Taube Linda und Hund Gina sind unzertrennlich

YL

«Schätzchen, wo bist du? Linda, wo hast du dich versteckt?» Angela Meier geht auf ihrem Hof in Killwangen hin und her, öffnet Türen, hebt das Tischtuch auf dem Gartentisch. Vorsichtig trippelt Linda aus ihrem Versteck, wackelt mit ihrem kleinen Kopf und läuft der Coiffeuse entgegen. «Da bist du ja», sagt sie mit einem Strahlen auf dem Gesicht.

Meiers Schätzchen – wie sie Linda liebevoll nennt – ist eine weisse Taube, fliegen kann oder will sie nicht. Und so setzt Meier die Taube auf ihre Schulter – wie ein Pirat seinen Papagei. Kurze Zeit darauf trabt ein schwarzer Labrador auf Meier zu. «Wo Linda ist, ist auch Gina nicht weit», sagt sie und krault der Hündin das Kinn. «Wir drei sind unzertrennlich.»

Gina und Linda verstehen sich gut

Es ist nicht das erste Mal, dass sich eine Taube mit einem Hund anfreundet. In Seon hat sich ein ähnliches Phänomen abgespielt (az Aargauer Zeitung vom 17. Juli). Linda bewegt ihren Kopf wie wild, streicht ihn an Meiers Wange und trifft sie dabei ins Auge. Kein Problem für die Coiffeuse, für sie ist die Taube ein Geschenk. «Letzten November habe ich sie eines Abends vor der Haustür gefunden.» Weil sie Mitleid hatte, brachte sie die Taube in die Wärme. «Mit Gina hat sie sich von Anfang an gut verstanden», erzählt Meier. «Es ist unglaublich, wie zutraulich und verschmust dieses Tier ist.»

Die Taube weiche ihr nur ungern von der Seite, werde gar böse, wenn sie das Haus verlasse. Deshalb nehme sie Linda und Gina manchmal mit, wenn sie durch das Dorf spaziere – dort kennt man sie. «Frau Meier, ihr Hund hat ja einen Vogel», sei die erste Reaktion der Menschen gewesen, als sie das Dreiergespann zusammen gesehen haben.

Am Sonntag das erste Ei gelegt

Meier glaubt, die Taube sei nicht aus Zufall hier. «Vor drei Jahren ist mein Lieblingspferd gestorben. Und zwei Monate vor Lindas Auftauchen, starb mein anderer Hund», sagt sie.

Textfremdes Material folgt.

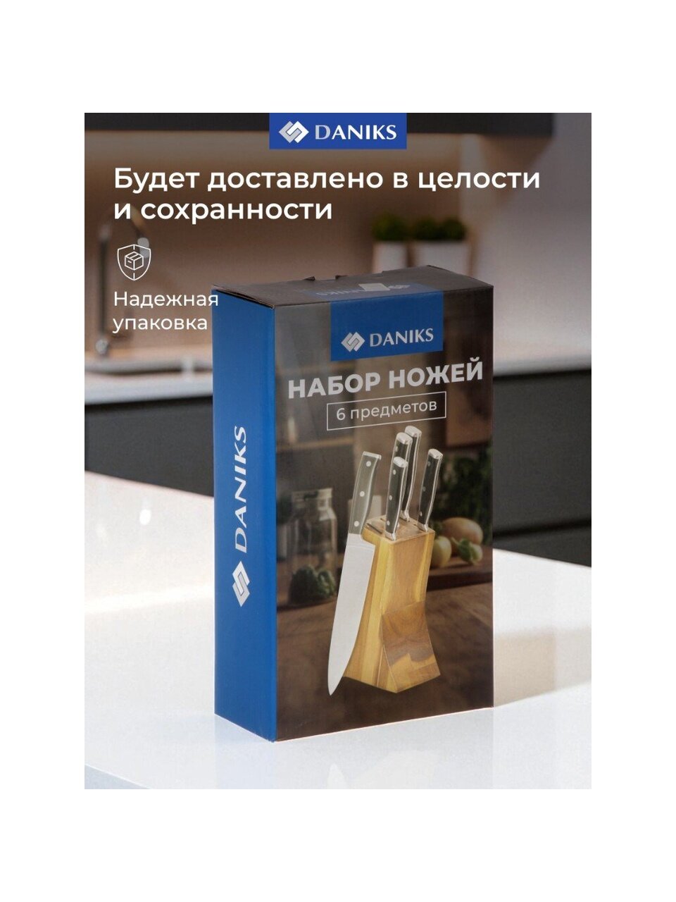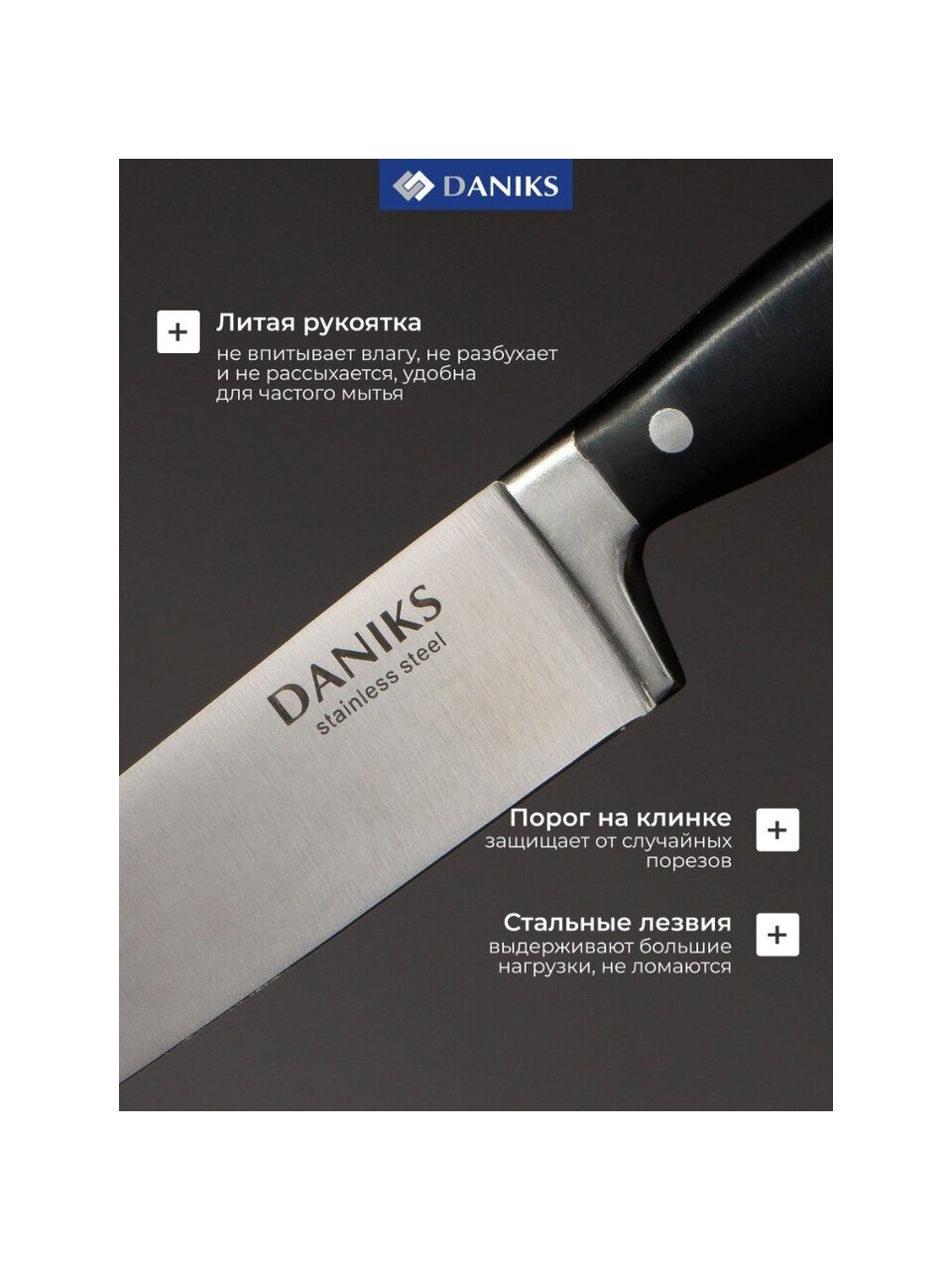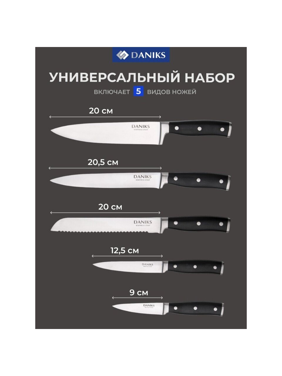 Набор ножей Daniks Black YW-A325 станет отличным выбором для тех, кто ценит качество, функциональность и стильные решения в быту. Сбалансированный комплект позволит справиться с любыми кулинарными задачами — от нарезки хлеба до тонкой шинковки овощей и мяса. Покупка этого набора обеспечит порядок на кухне, сэкономит время на поиске нужного инструмента и подарит удовольствие от процесса приготовления пищи. Продукция бренда Daniks — оптимальное сочетание цены и качества для ежедневного использования дома или на даче.
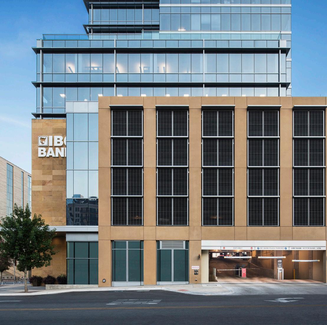 IBC Bank Plaza is a 397,935-square-foot, 7-story office building resting on top of six levels of above-ground parking and retail. The design of the building provides a dramatic effect with a prominent curve along 5th Street across from the Federal Courthouse, using unitized curtainwall. The garage is masked with a mixture of precast concrete, sandstone, various types of metal grilles, and backlit translucent panels. The interior spaces of the building continued this impressive design by incorporating additional stone elements, wood paneling and vaulted ceilings. This project was delivered 17 days earlier than the contractual completion, and seven days earlier than the contractual dry-in of the building which allowed the tenants to open their doors sooner than planned. IBC Bank Plaza meets Austin Energy Green Building requirements and LEED Silver certification.

Tiere seien viel schlauer, als man denke. Meier ist überzeugt, dass in Taube Linda die Seele eines ihrer verstorbenen Tiere stecke. «Ich glaube, sie will mir etwas mitteilen und die Leere füllen, die meine geliebten Tiere hinterlassen haben.» Dass sich die Taube auf dem Hof wohlfühle, habe sie letzten Sonntag bewiesen. Sie habe ihr erstes Ei gelegt – direkt in Meiers Hand. «Ich liess es vor Schreck prompt fallen», erzählt sie. Kurze Zeit später habe die Taube bereits ein neues Ei gelegt. Dieses umsorge sie jetzt liebevoll in ihrem aus Ästen gebauten Nest.

«Linda würde mir sehr fehlen»

Sie habe vor kurzem begriffen, dass ihr die Taube sehr am Herzen liege. «Linda war plötzlich nicht mehr da. Auf einer Wiese in der Nähe des Hofes habe ich dann viele weisse Federn gefunden», erzählt Meier. Sie machte sich Sorgen, rechnete mit dem Schlimmsten. «Ich dachte, Krähen hätten sie getötet.» Als Linda mit einer blutigen Verletzung am Hals zurückkehrte, war Meier erleichtert.

Mit einer Hand krault sie den Hals von Hündin Gina, mit der Anderen streicht sie über die weissen Federn der Taube. «Wenn Linda nicht mehr da wäre, würde sie mir sehr fehlen», sagt Meier.